On Fri, 26 May 2000, you wrote:
Well, a post in html doesn't help matters. Many people on this list cannot
read it on their mail clients. Some people have filters to throw it away. For
example, I found your mail in my trash bin, purely by accident.
XFree86 3.3.6 should work with your intel 810. Please realize that the 810 is
not very good hardware and has presented problems for all linux distros.
XFree86 version 4 is still an experimentally supported thing in this version,
and bug reports for 3.3.6 will receive attention while 4.0 will probably
receive attention in future distributions. I strongly recommend use of 3.3.6
until 4.0 matures a bit more.
You could try SuSE or Debian. I doubt if you will find the results much
better. The 810 is a problematic chipset, and you may know that intel has
recalled the 820 boards altogether and that RESPONSIBLE resellers offer memory
specifically certified for the 810 because quite a lot of the SDRAM DIMM memory
out there will not work with the 810. I built a few 810 Chipset computers,
installed windows 98 for my customers, and gave them a warranty that covered
ONLY windows use, for a bargain price--my cost, just to get rid of them.
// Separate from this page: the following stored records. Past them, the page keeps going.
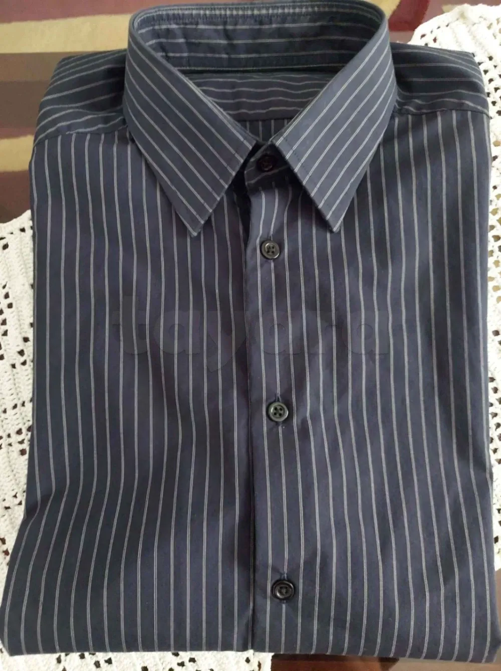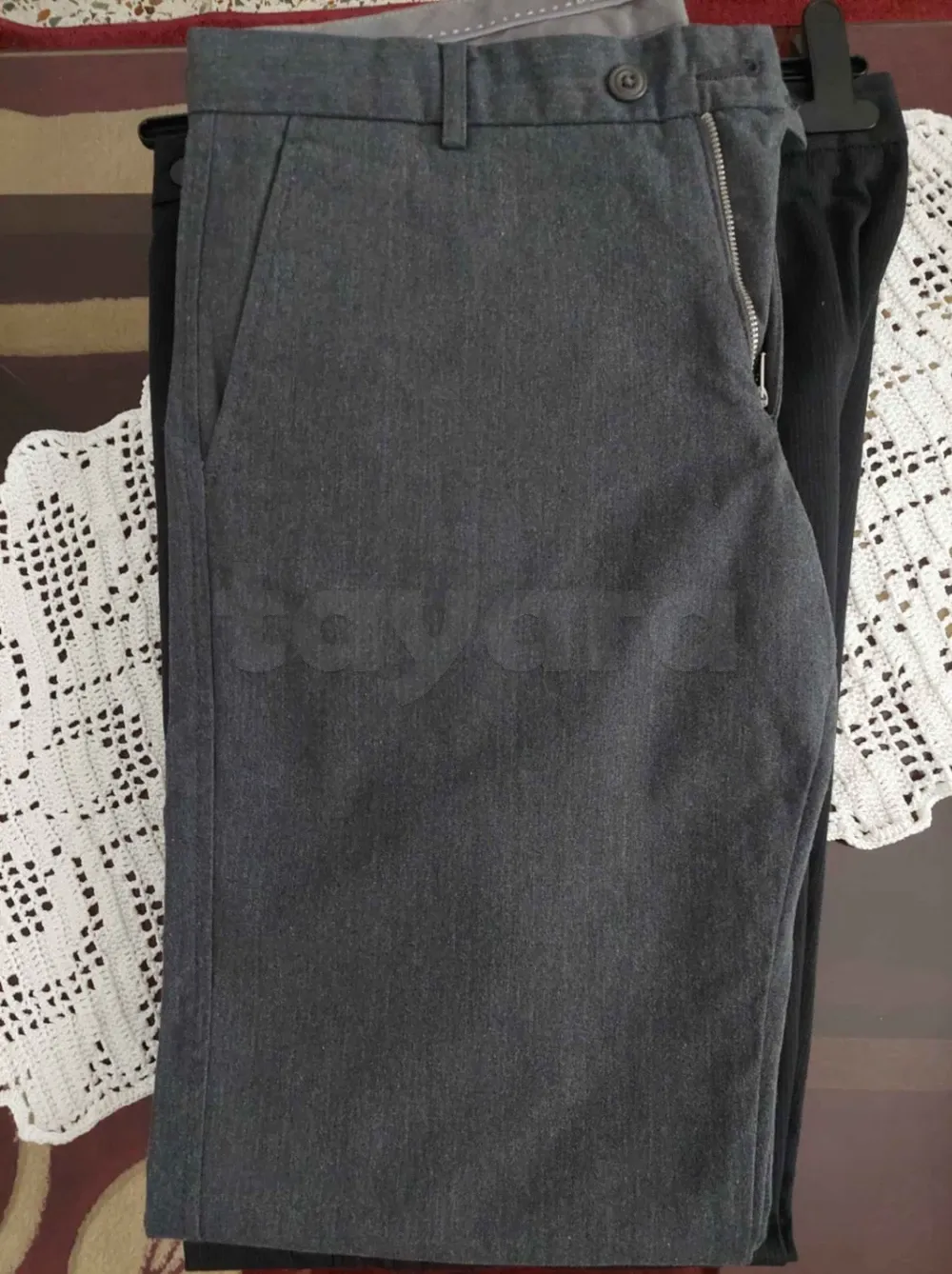 Neuf jamais porte a vendre 2 beau pantalons taille 42 noir et gris et 2 belles chemise taille L une noir raille blanc et une noir raille bleu.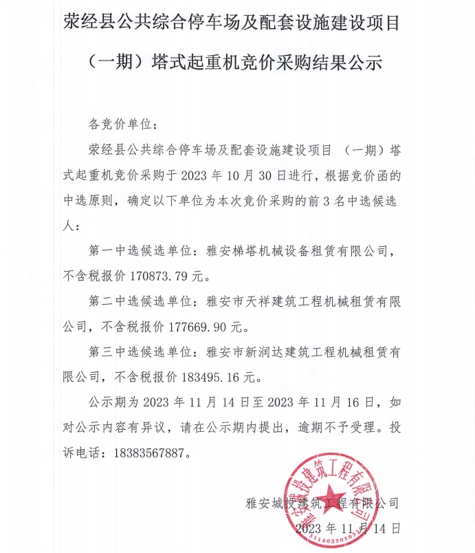滎經(jīng)縣公共綜合停車場及配套設(shè)施建設(shè)項(xiàng)目(一期)塔式起重機(jī)競價(jià)采購結(jié)果公示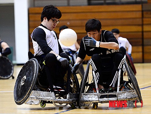 【서울=뉴시스】전신 기자 = 28일 오후 서울 관악구 서울대학교 체육관에서 열린 서울컵 제5회 전국휠체어럭비 선수권대회에서 쿼드 결승전 경북 아틀라스Q와 서울 헌터스의 경기에서 아틀라스Q 정종혁이 패스를 시도하고 있다.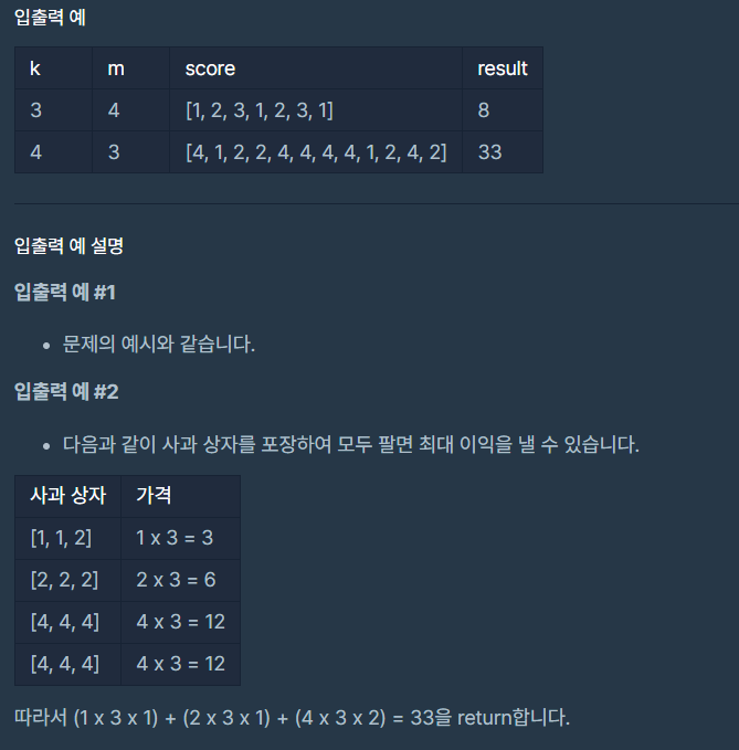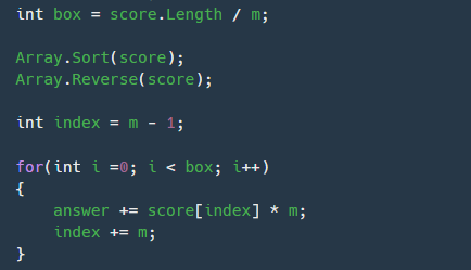 이렇게 하면 score의 인덱스를 순서대로 돌면서 m개씩 담게되면 내가 만든 사과상자의 가격이 위의 이미지의

I
also warned my customers about the deficiencies and shortcomings of the
technology employed in those computers. I won't be building any more of them.
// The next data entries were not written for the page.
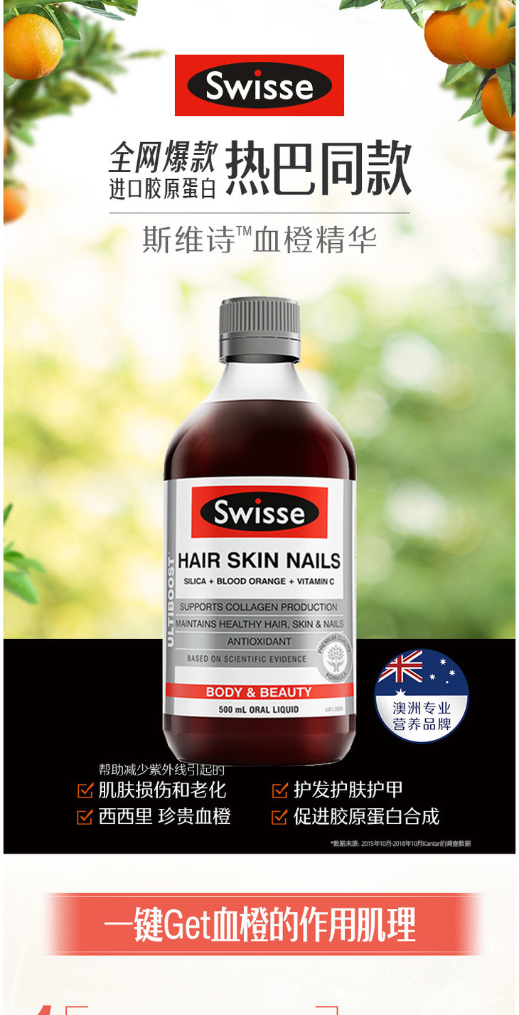 Swisse瑞思胶原蛋白血橙饮料500ml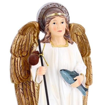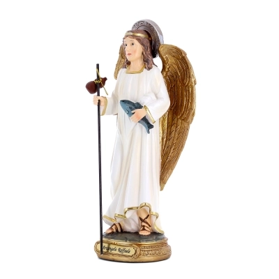 Graziosa e dettagliata statua di San Raffaele Arcangelo, raffigurato con la sua tipica simbologia, che sono il bastone con la borraccia e il pesce. La statua, dai colori brillanti, poggia su una solida base ed è adatta da esporre sia in qualsiasi ambiente domestico. Raffaele, nome che deriva dall'ebraico e vuol dire "Dio ha guarito", è uno dei principali angeli della schiera del Cielo, viene spesso raffigurato che accompagna l'uomo nel suo cammino, per questo può essere donato a chi nella vita deve affrontare lunghi e incerti viaggi. San Raffaele Acangelo è anche protettore dei giovani.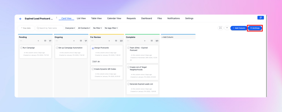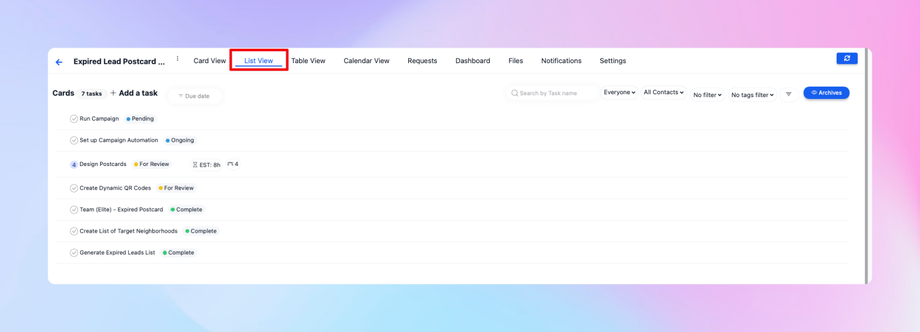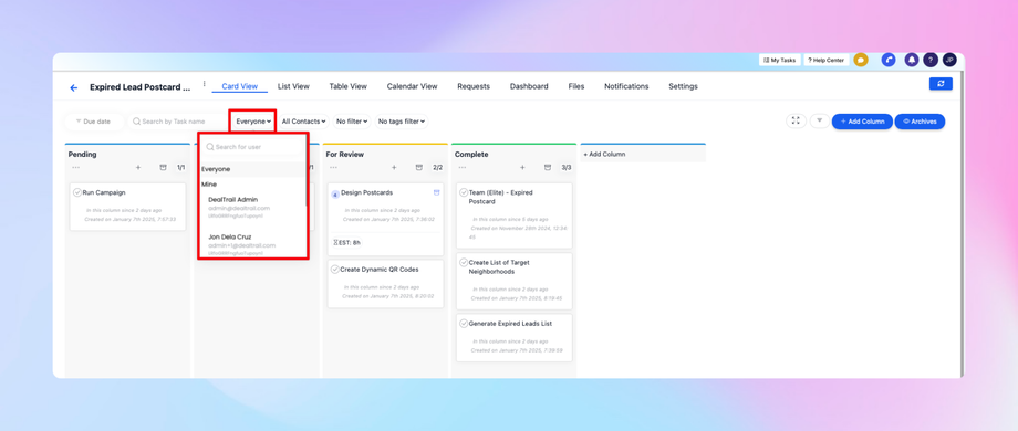 • Filter by Assignee: You can filter tasks by assignees (e.g., Everyone or Mine).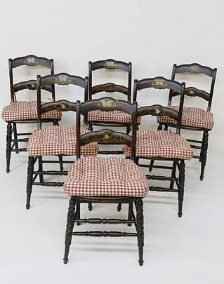 Six Country Decorated Caned Seat Chairs, 19th Century

What you are using is a Beta version.... Which means that your bug report was
seen and will be given attention before the final release. Sending an
acknowledgement for bugs is not always done.... It would be wasteful of
bandwidth.
Actually your English is understandable and you have no need to apologize for
it. Your expectations of the distribution seem to be quite a bit more advanced
along the "bleeding edge" than the distribution is.
So, try 3.3.6 for XFree86 and most of your problems should disappear. The
partitioning errors I have seen myself and come from duplicate mount names more
frequently than anything else, though a more graceful way of handling that
error is desirable..... It is important to assure that each partition has its
own mount point (except for swap partitions).